Resolving deltas: 100% (211854/211854), done.

[user@cn4210 deeplearning]$ cd caffe2/ && git checkout v0.8.1 && cd .. #get latest non-deprecated release
Checking out files: 100% (1267/1267), done.
Note: checking out 'v0.8.1'.

You are in 'detached HEAD' state.
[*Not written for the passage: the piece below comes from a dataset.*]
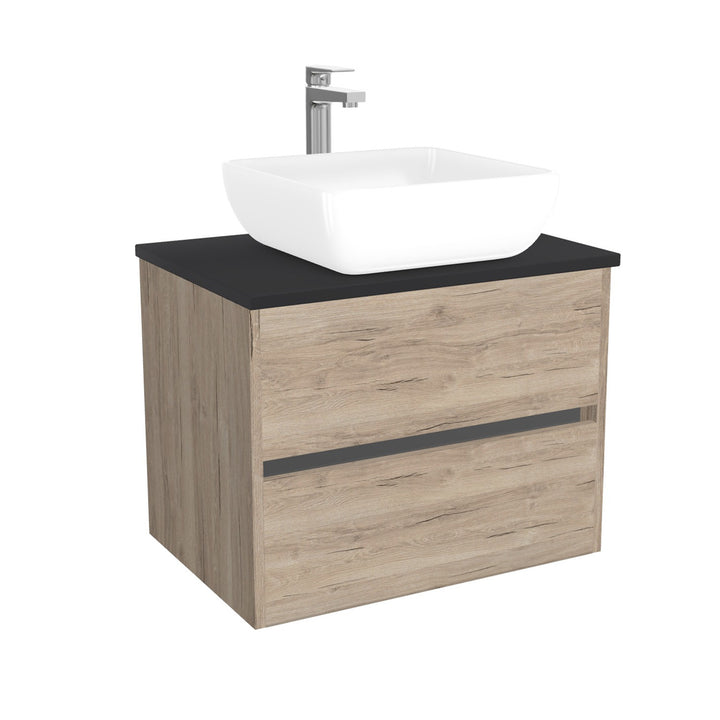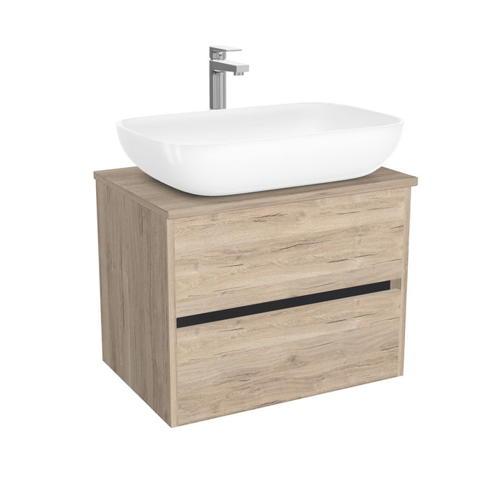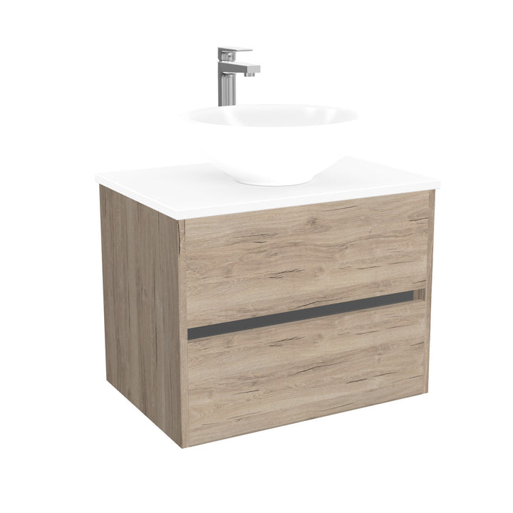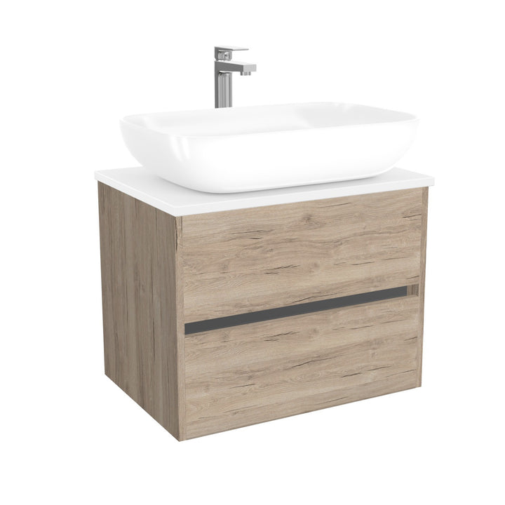 Jena Badkamermeubel 65 cm Duitse Eik - Onderkast MDF - Softclose greeploos 2 lades Inclusief keramische waskom met wastafelblad

You can look around, make experimental
changes and commit them, and you can discard any commits you make in this
state without impacting any branches by performing another checkout.

If you want to create a new branch to retain commits you create, you may
do so (now or later) by using -b with the checkout command again. Example:

  git checkout -b new_branch_name

HEAD is now at 32f023f... Add conv layer and layer tests

[user@cn4210 deeplearning]$ python caffe2/caffe2/python/models/resnet_test.py
[...]
[I memonger.cc:239] Memonger saved approximately : 343.904 MB.
INFO:memonger:Memonger memory optimization took 0.0177371501923 secs
before: 880 after: 776
.
----------------------------------------------------------------------
Ran 3 tests in 19.429s

OK

[user@cn4210 deeplearning]$ cat > submit.sh <<'EOF'
#!/bin/bash
module load python/2.7 CUDA/10.2
python caffe2/caffe2/python/models/resnet_test.py
EOF

[user@cn4210 deeplearning]$ sbatch --partition=gpu --gres=gpu:k80:1,lscratch:10 --mem=20g -c14 submit.sh
45397997

[user@cn4210 deeplearning]$ exit
exit
salloc.exe: Relinquishing job allocation 45397884

[user@biowulf ~]$

Please see the multi-GPU deep learning page for training with more than 1 GPU.